**WORK TASK:**
Pictures do not belong in the output. Reproduce exactly the lines from the start of the records through the line with "Stavění Májky a".

**ENTRIES SUPPLIED:**
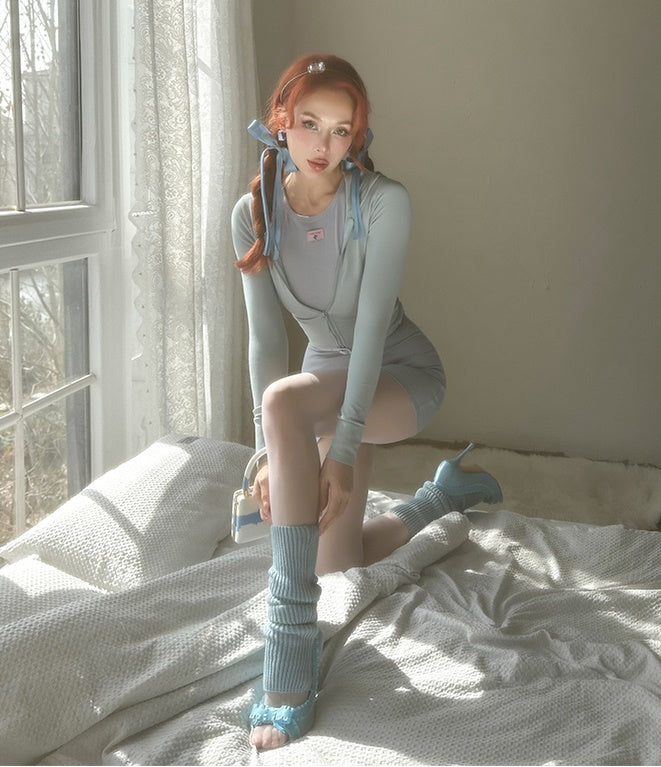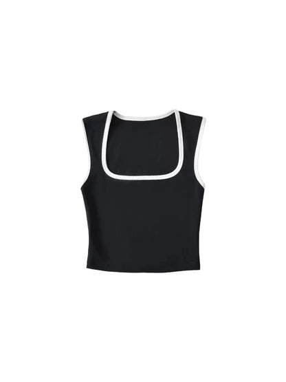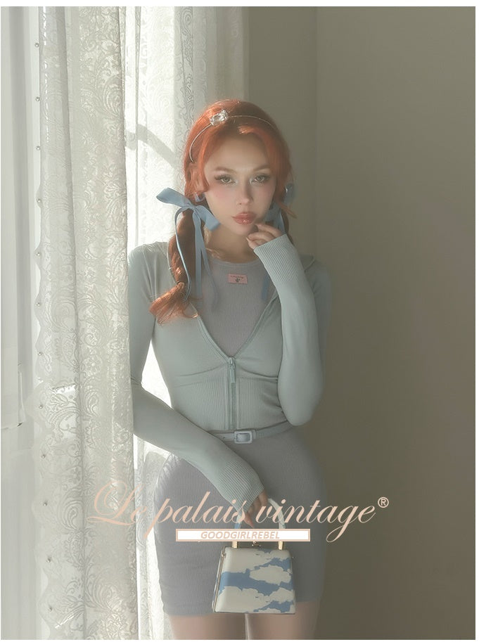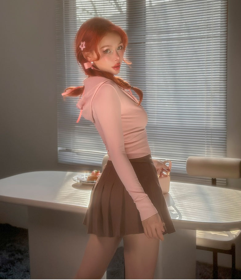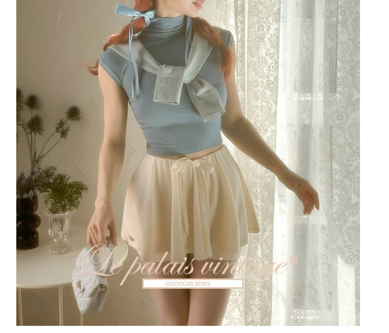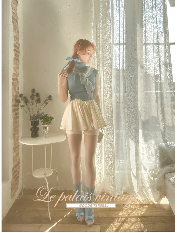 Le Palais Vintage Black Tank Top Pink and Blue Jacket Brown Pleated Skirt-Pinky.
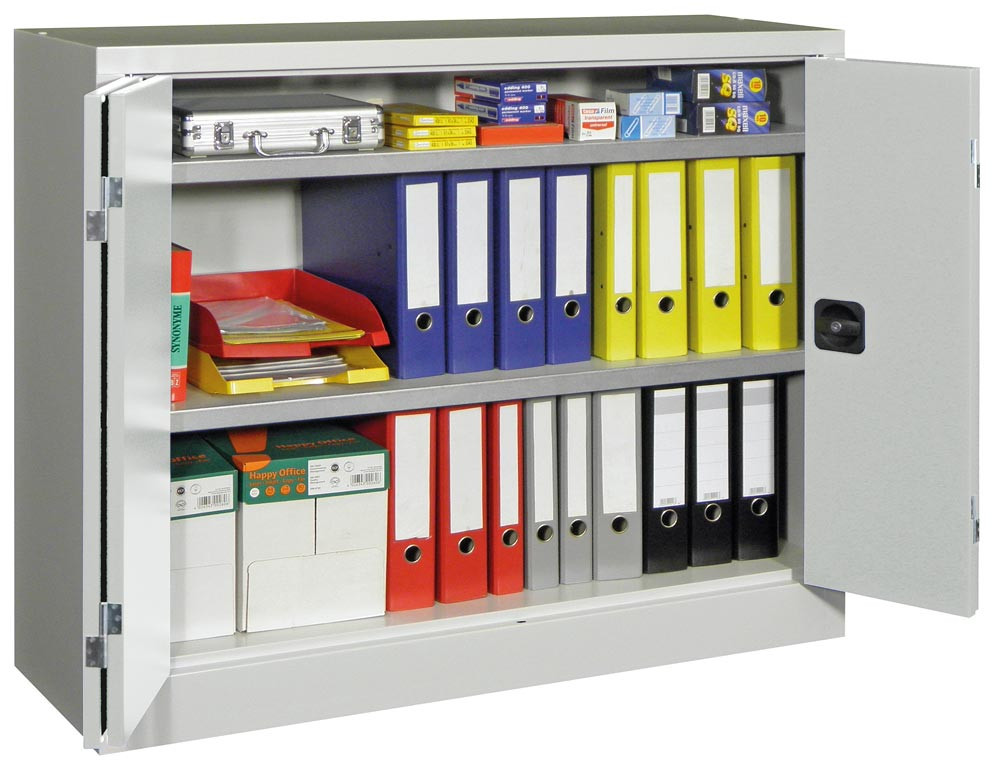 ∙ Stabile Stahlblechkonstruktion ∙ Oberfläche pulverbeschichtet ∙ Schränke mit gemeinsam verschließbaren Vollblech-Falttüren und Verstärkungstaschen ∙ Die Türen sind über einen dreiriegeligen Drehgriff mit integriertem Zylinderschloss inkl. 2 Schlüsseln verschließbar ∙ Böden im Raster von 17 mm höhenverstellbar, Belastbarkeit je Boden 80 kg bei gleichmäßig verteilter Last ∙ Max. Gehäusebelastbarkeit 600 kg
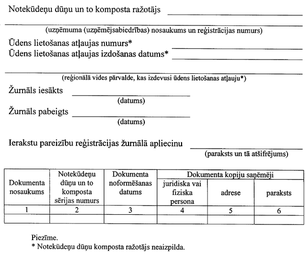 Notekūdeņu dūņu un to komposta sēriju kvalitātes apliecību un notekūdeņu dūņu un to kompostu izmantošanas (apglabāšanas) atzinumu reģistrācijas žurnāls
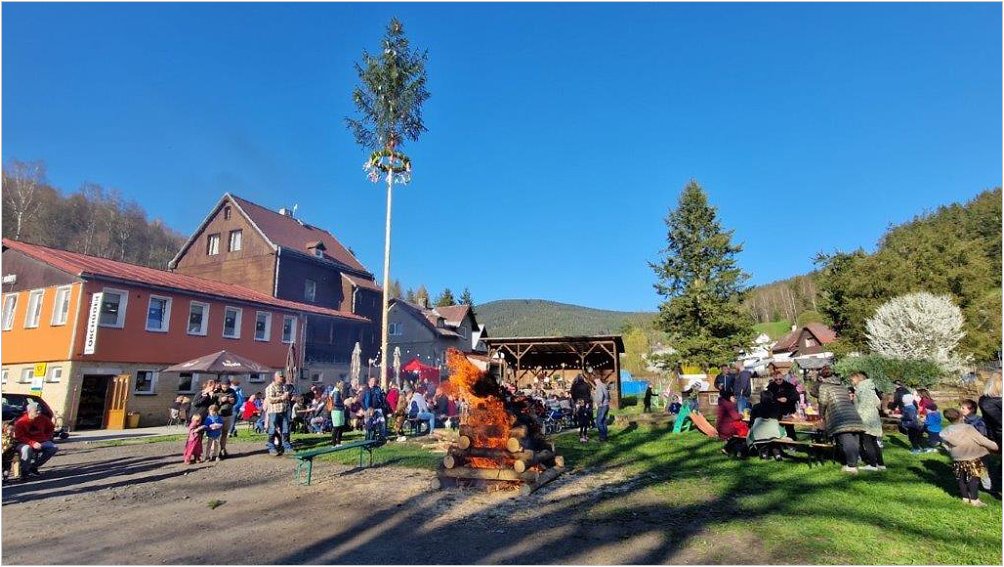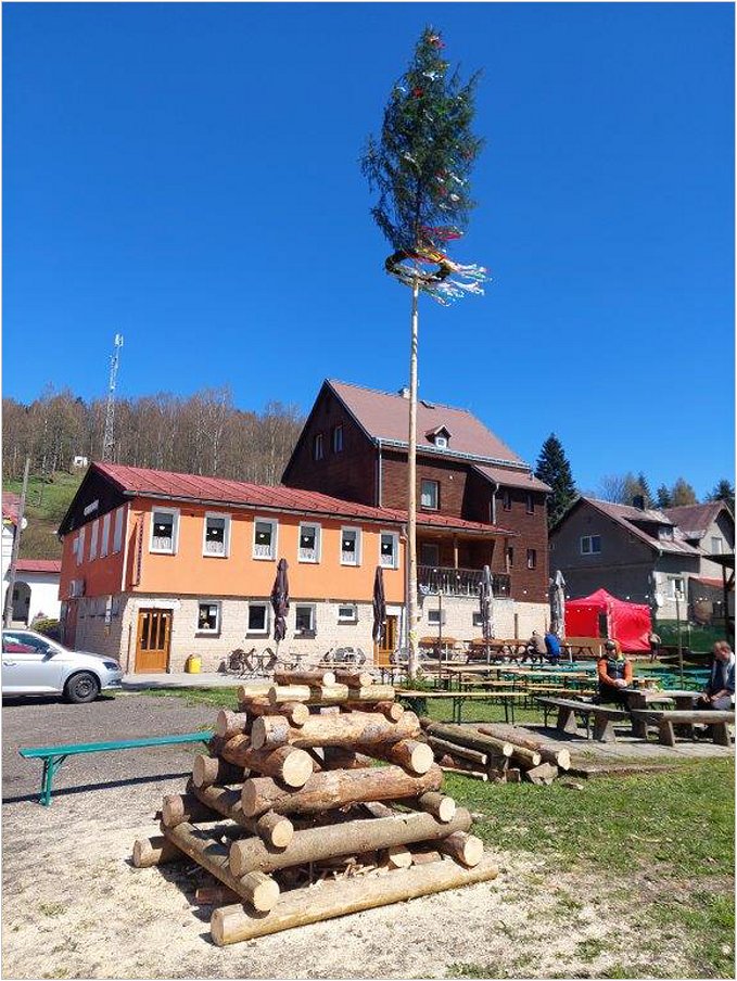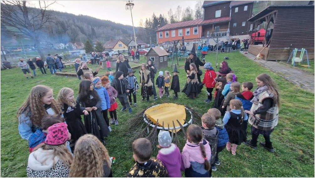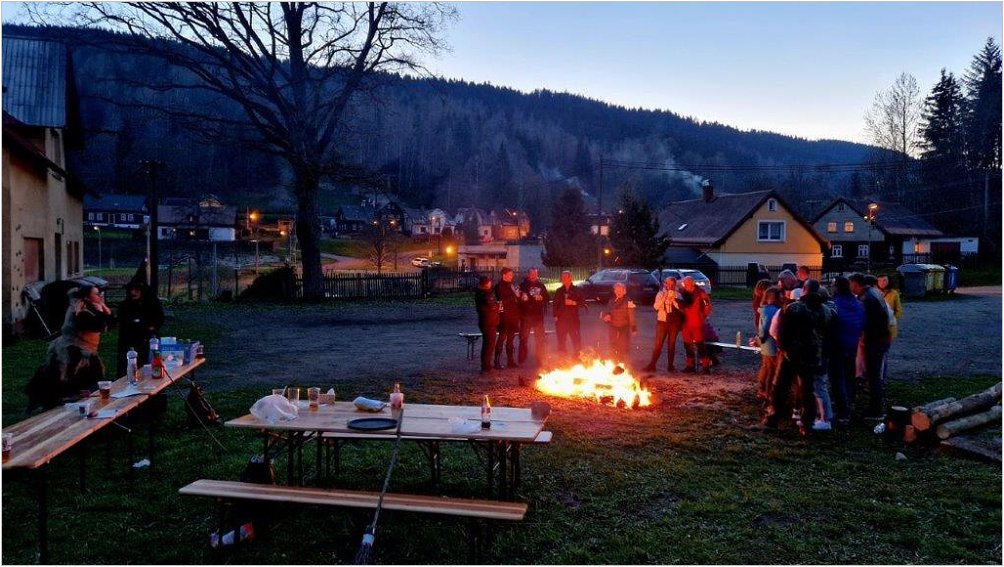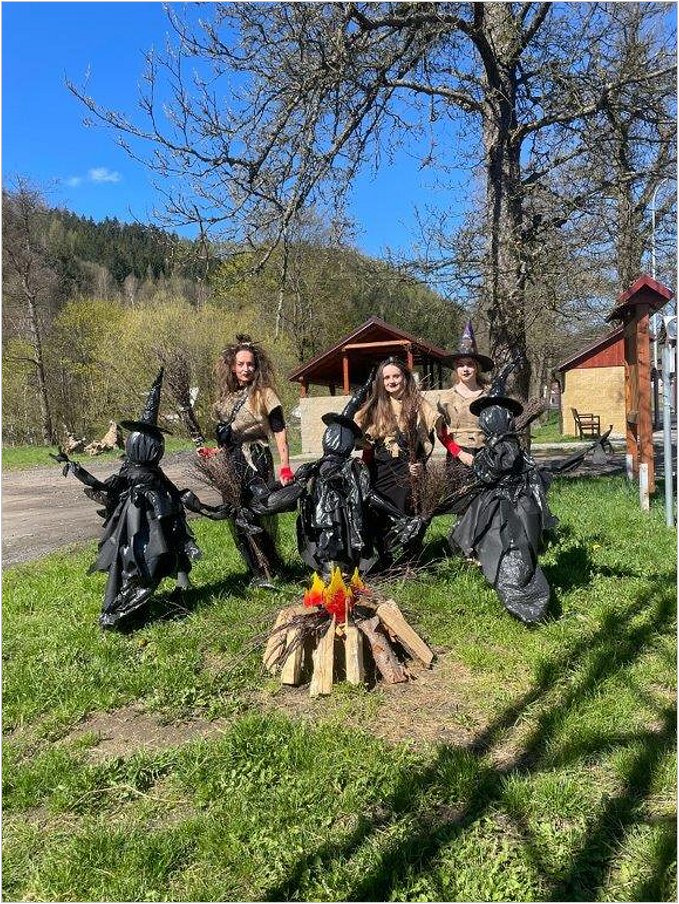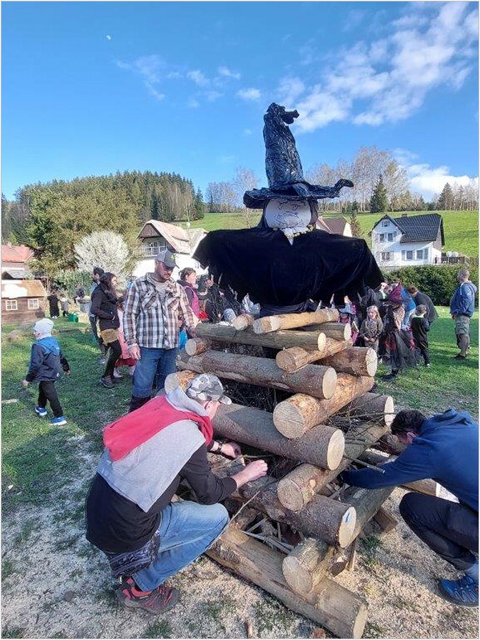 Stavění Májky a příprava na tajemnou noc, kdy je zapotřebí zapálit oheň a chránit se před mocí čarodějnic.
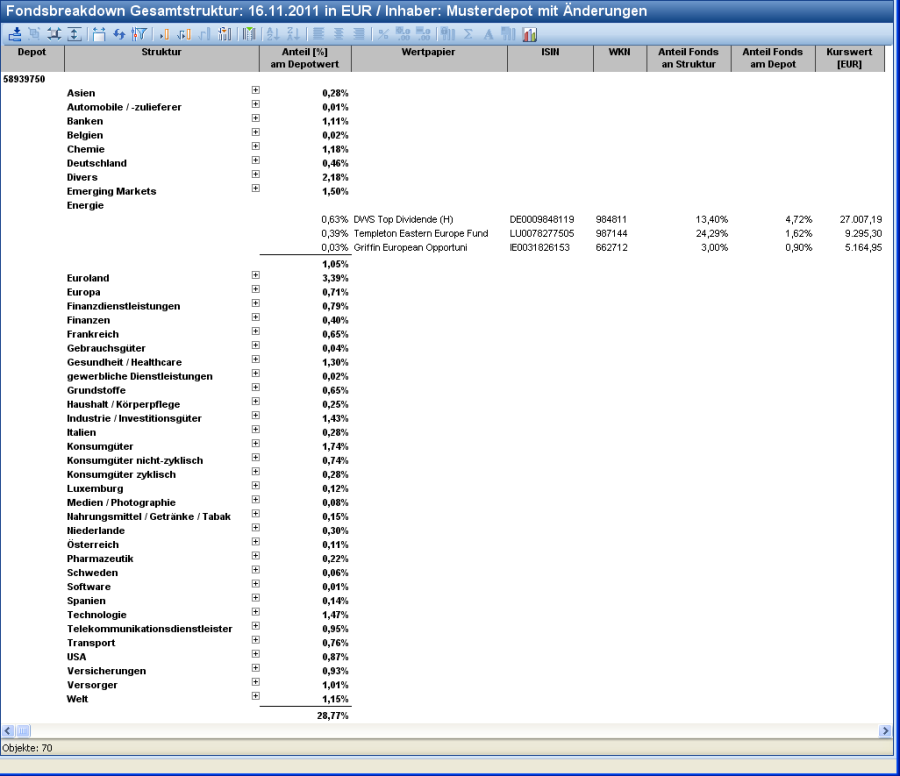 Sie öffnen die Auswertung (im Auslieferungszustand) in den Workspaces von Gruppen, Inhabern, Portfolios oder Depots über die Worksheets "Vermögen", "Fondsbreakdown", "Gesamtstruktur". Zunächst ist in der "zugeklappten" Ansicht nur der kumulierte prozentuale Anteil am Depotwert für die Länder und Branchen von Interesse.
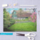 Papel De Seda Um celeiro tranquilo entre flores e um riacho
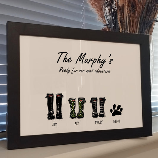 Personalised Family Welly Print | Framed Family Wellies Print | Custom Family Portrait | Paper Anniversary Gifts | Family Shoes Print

**ANSWER TO THIS EXERCISE:**
 Le Palais Vintage Black Tank Top Pink and Blue Jacket Brown Pleated Skirt-Pinky.
 ∙ Stabile Stahlblechkonstruktion ∙ Oberfläche pulverbeschichtet ∙ Schränke mit gemeinsam verschließbaren Vollblech-Falttüren und Verstärkungstaschen ∙ Die Türen sind über einen dreiriegeligen Drehgriff mit integriertem Zylinderschloss inkl. 2 Schlüsseln verschließbar ∙ Böden im Raster von 17 mm höhenverstellbar, Belastbarkeit je Boden 80 kg bei gleichmäßig verteilter Last ∙ Max. Gehäusebelastbarkeit 600 kg
 Notekūdeņu dūņu un to komposta sēriju kvalitātes apliecību un notekūdeņu dūņu un to kompostu izmantošanas (apglabāšanas) atzinumu reģistrācijas žurnāls
 Stavění Májky a příprava na tajemnou noc, kdy je zapotřebí zapálit oheň a chránit se před mocí čarodějnic.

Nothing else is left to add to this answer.